Klue: Chasing Growth through Failure

New Business Review
New Business Review
4 min readNov 12, 2020
Jason Smith (right) and Klue co-founder Sarathy Naicker. Image courtesy Klue.

When Jason Smith graduated from UBC Sauder, he ranked in the top 1% of the marketing specialization academically. However, the first thing he wished was that he paid more attention to the learnings from class rather than the grades. This intellectual curiosity saw him make a foray into the world of entrepreneurship.

In the wake of the dot-com bubble, Jason embraced his knack for problem solving by creating a web development company to meet the growing demand for websites. He took his skills door to door and offered his service to people in hopes of getting a customer. Jason recounts that the most important thing he learned after university was “Sales — unfortunately, Commerce doesn’t teach you sales.” While applying and adapting his theoretical classroom education to sell his service, he soon realized the cold-hard reality of entrepreneurship.

“There’s euphoria at the beginning… that soon gets met with a trough of disillusion,” he says. “You find yourself staring in the mirror and asking yourself: is entrepreneurship for me?”

It was this sense of failure that became his ultimate driver. He describes the process as if you were being tracked by a mountain lion and succeeding was the only way to evade it. To him, entrepreneurship is an endeavour that makes one “come alive”.

This passion to “come alive” allowed Jason to craft a truly unique story. Immediately after completing his BCom and still in his 20’s, Jason co-founded the aforementioned web development company, Columbus Group. He grew it to over 100 people and it was later acquired by Telus for over $10 million CAD. Jason also became president at VisionCritical, where he grew customer intelligence for the SaaS company from the start-up stage to 500+ employees, $50million+ revenue and 500+ enterprise clients.

He most recently co-founded Klue, a competitive intelligence platform that already serves over 150 customers including Cisco, Tableau, and Shopify. Klue has raised over $25 million CAD from investors including Craft Ventures, OMERS Ventures, Vancouver-based Rhino Ventures, and angel investors including Ryan Holmes (Founder of Hootsuite) and Frederic Kerrest (Co-founder of Okta).

NBR was extremely fortunate to sit down with Jason and learn a bit more about Klue. Jason’s idea for Klue was a long time coming and was inspired by the pain points he experienced in past jobs. His Sales teams struggled to sell their products because of their inability to accurately track what competitors were doing. This hurdle is what prompted him to create Klue.

The product collects and delivers updated and effective competitive intelligence across departments such as Sales, Customer Success, Product, and Executive Teams for every company. These data points — collected from external and internal sources such as Slack, email, and Salesforce — provide companies with more granular and robust market coverage.
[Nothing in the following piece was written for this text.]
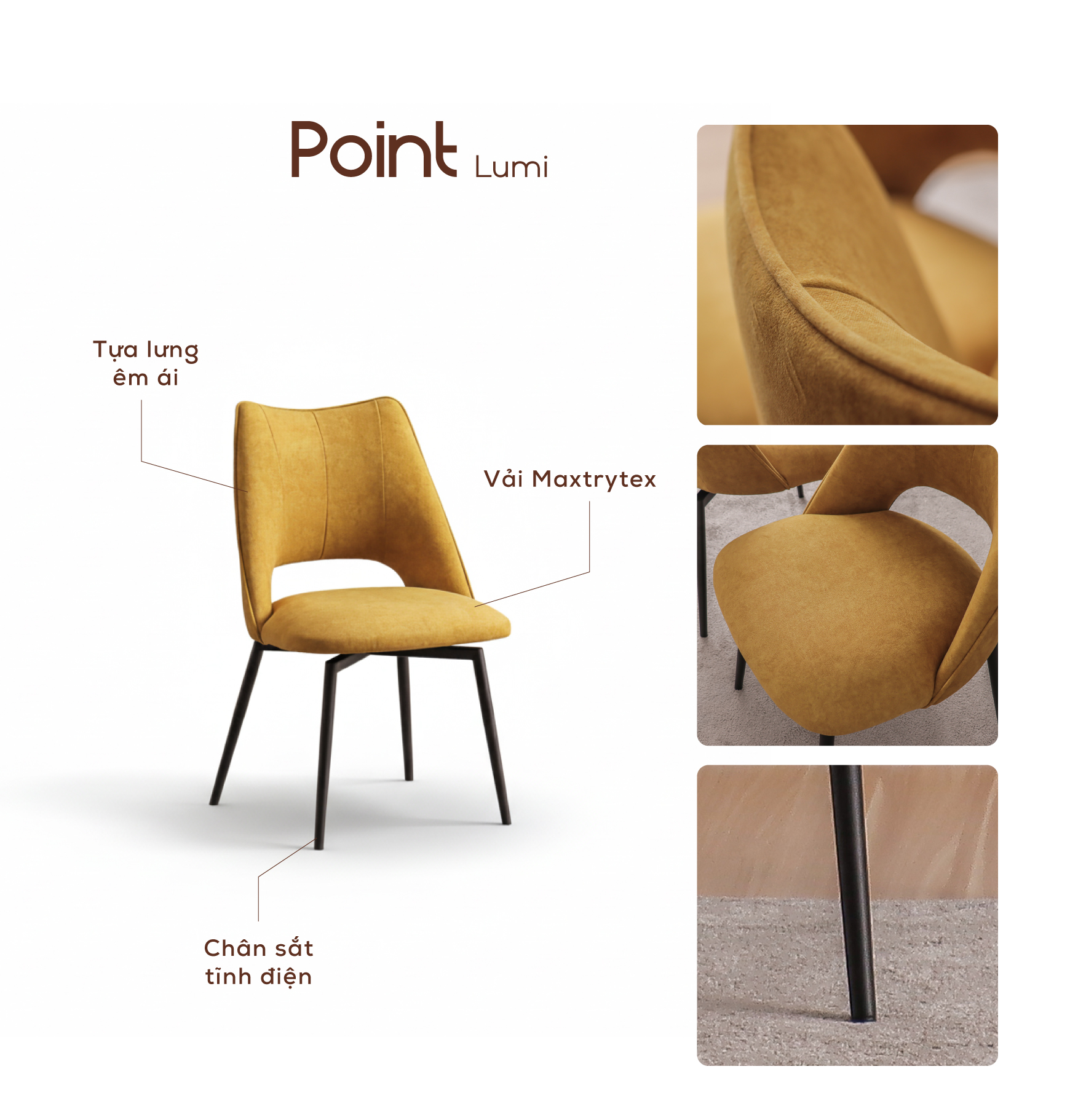 Ghế ăn Lumi sở hữu thiết kế hiện đại, nổi bật với đường cong duyên dáng ở phía trên tựa lưng. Vẻ đẹp tinh tế của Lumi song hành cùng sự thoải mái tuyệt vời mà nó mang lại. Sản phẩm được tạo nên từ những vật liệu cao cấp như vải Maxtrytex siêu mềm mại hoặc da Silicon thoáng mát, kết hợp cùng khung sắt sơn tĩnh điện bền bỉ. Hai gam màu Brown và Gold thời thượng hứa hẹn kiến tạo nên không gian phòng ăn sang trọng.

Klue leverages the power of machine learning and AI to synthesize that data into competitive insights to deliver smart battle cards: compilations of information about your product, the market, your customers, and your competition. This enables Sales teams to be more efficient and successful. Klue has already proved to be invaluable at the enterprise level: after DELL partnered with Klue, they went from covering 12 companies to over 100 with the same Sales team.

The biggest challenge that the team at Klue has faced so far has been timing. As Jason noted, developing a company based on machine learning and AI is difficult, and it can be very costly. At the same time, he feels his vision for Klue is something the market isn’t quite ready for. At five years in, Jason feels that Klue has only achieved a fifth of its potential.
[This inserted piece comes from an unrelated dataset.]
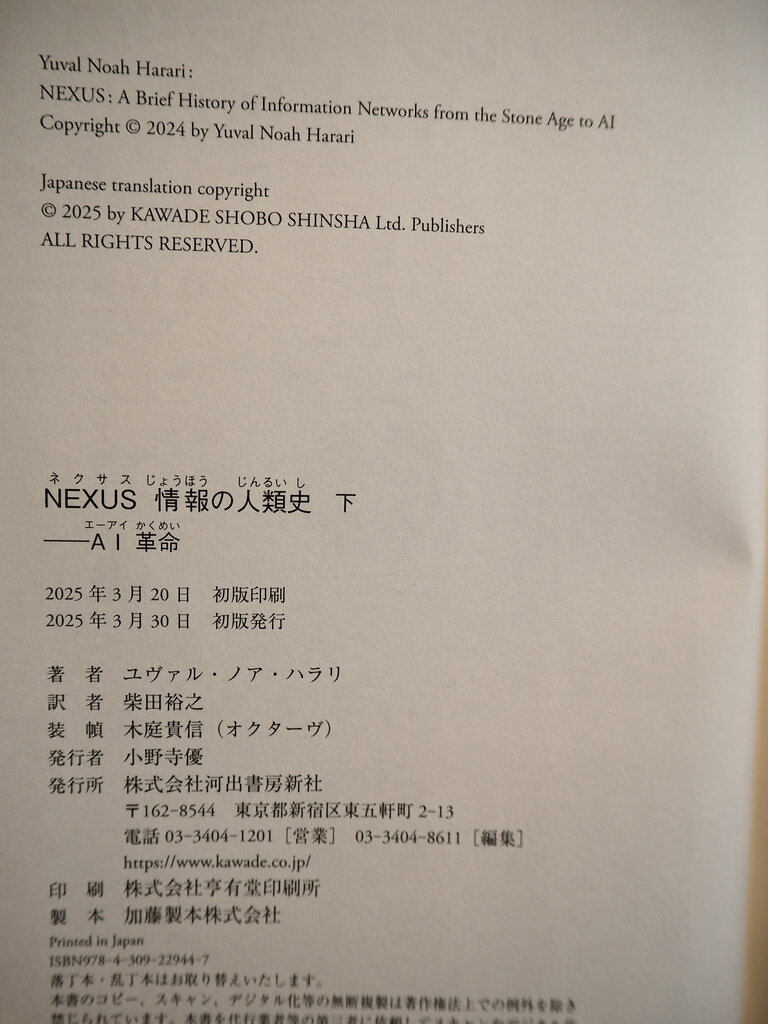 ユヴァル・ノア・ハラリ著「NEXUSネクサス情報の人類史」であります

Jason noted how helpful Klue’s latest funding ($19.7 million CAD) will be in realizing the rest; it is going directly towards accelerating product and machine learning development. He described the venture capital funding process as easier this time because he was returning with a proven record and Klue was seeing strong traction with three years of triple revenue growth. He noted that for students and aspiring entrepreneurs without a proven track record, investors will struggle to look past a team’s quality and unique product if they don’t have a paying client. A company’s traction is a critical metric and the only thing they will invest in if you haven’t built a successful business previously.

Klue’s success so far is a testament to Jason’s work ethic and the early Sales lessons he learned from past entrepreneurial adventures. It’s not a surprise that this has led Jason and his team at Klue to being named Company of the Year — Growth Success by BC Tech at this year’s Technology Impact Awards. In a world that will continue to have both customers and competitors, Klue is defining the competitive enablement side. Jason and the team at Klue are on their way to achieving their mission of empowering companies to win in their competitive arenas and make their competitors “well, quite frankly, eat sand.”